How does the gnome shell know which icon/entry to use in the dash for wayland apps started from the commandline?
It it still the WM_CLASS X property? How to set this for Wayland apps?
Is it using .desktop files? If so, what is the key to the find the correct one?
the concrete hickup i have is that i start my self compiled emacs (using pgtk) emacs in daemon mode as an autostart program with ‘–daemon --name=emacs-pgtkj’.
I also created a ~/.local/share/applications/desktop file with a call to emacsclient so that the background emacs is used.
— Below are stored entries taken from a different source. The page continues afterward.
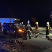 Vor Ort eingetroffen stellte sich glücklicherweise heraus, dass keine Person mehr in dem verunfallten Ford mehr eingeklemmt war. Alle Insassen konnten das Unfallfahrzeug selbstständig verlassen. Die Besatzungen von mehreren Rettungswägen und einem Notarzteinsatzfahrzeug kümmerten sich um zwei, unbestimmten Grades verletzte, Personen.
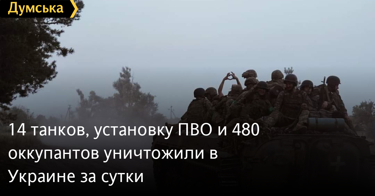 14 танков, установку ПВО и 480 оккупантов уничтожили в Украине за суткиСилы обороны Украины 29 июля уничтожили еще 480 российских солдат и офицеров, вторгшихся в нашу страну. Общий счет вражеских потерь за все время полномасштабной войны составляет уже 245 тысяч 700 оккупантов. В Генеральном штабе Вооруженных сил Украины сообщили, что вчера наши защитники подбили 14 танков (4205 за все время), 11 боевых бронированных машин (8178), 28 грузовиков и автоцистерн (7275), одну единицу спецтехники (711). Также враг лишился девяти артиллерийских систем (4795) и одной установки ПВО (459). Наши зенитчики сбили четыре беспилотника оперативно-тактического уровня (4011). СМЕРТЬ РОССИЙСКИМ ОККУПАНТАМ! Заметили ошибку? Выделяйте слова с ошибкой и нажимайте control-enter |
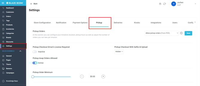 - Login to ECOM Mission Control at ecom.blaze.me and click on the Settings Tab and select Pickup.

This desktop file contains the name of my own emacs-pgtk.svg file as an icon and StartupWMClass ‘emacs-pgtk’.
I would expect that all new windows (frames) opened by emacslciient appear with the emacs-pgtk file as their icon.
But, whenever i click on the dash entry for this emacsclient program, the stock emacs icon is used.
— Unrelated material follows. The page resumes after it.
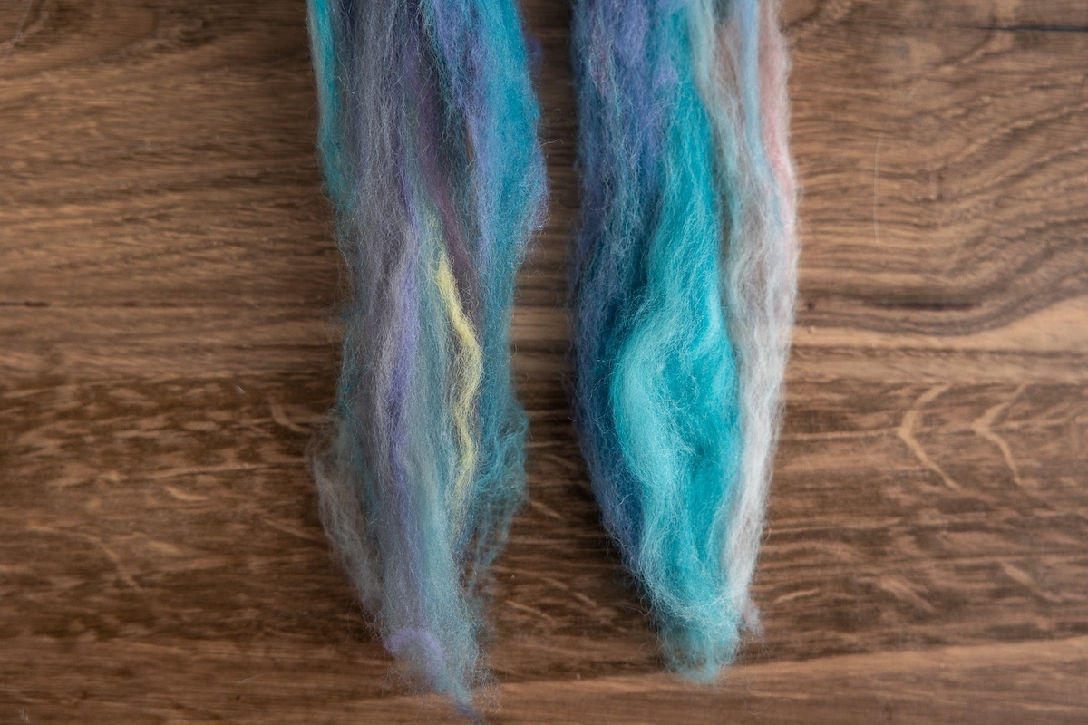 I like to pre-draft the carded fibres that I’ve chosen to corespin to add air and increase the ease of drafting. In my experience, I have found that ensuring there is no twist added to the fibre after it is prepped helps with ease in the actual corespinning itself.

I also tested it with a call to my pgtk emacs in the ~/.local/share/applications/emacs.desktop file, not using emacsclient and then it works. the emacs-pgtk icon is used in the dash.
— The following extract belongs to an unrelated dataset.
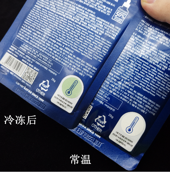 注意AHC的面膜在背面会有一个温度计,建议在使用之前放进冰箱冷藏,待到温度计显示为绿色时再使用~
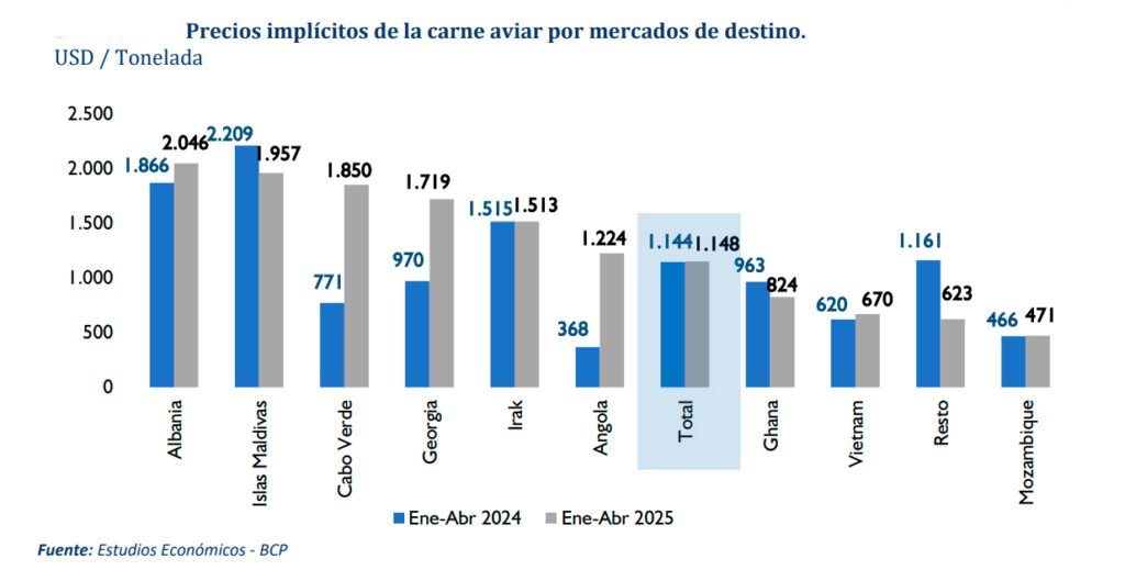 El BCP destaca que a abril del 2025 un total de 14 países constituyeron los destinos de las exportaciones de carne aviar.

Wayland has no window icons, so the shell has to match the window to a .desktop file. StartupWMClass= works, but what it matches on is the Wayland XDG Shell app_id. You can see that in the Windows tab in Looking Glass (Alt+F2 → lg) as wmclass. Normally, you would name the .desktop file to match the app ID, which does the same thing.
That was the missing piece of information. Since emacs does not call g_set_prgname it uses the executable name to match against .desktop files.
Simply linking the emacs executable to emacspgtk and defining a emacspgtk.desktop file did the trick.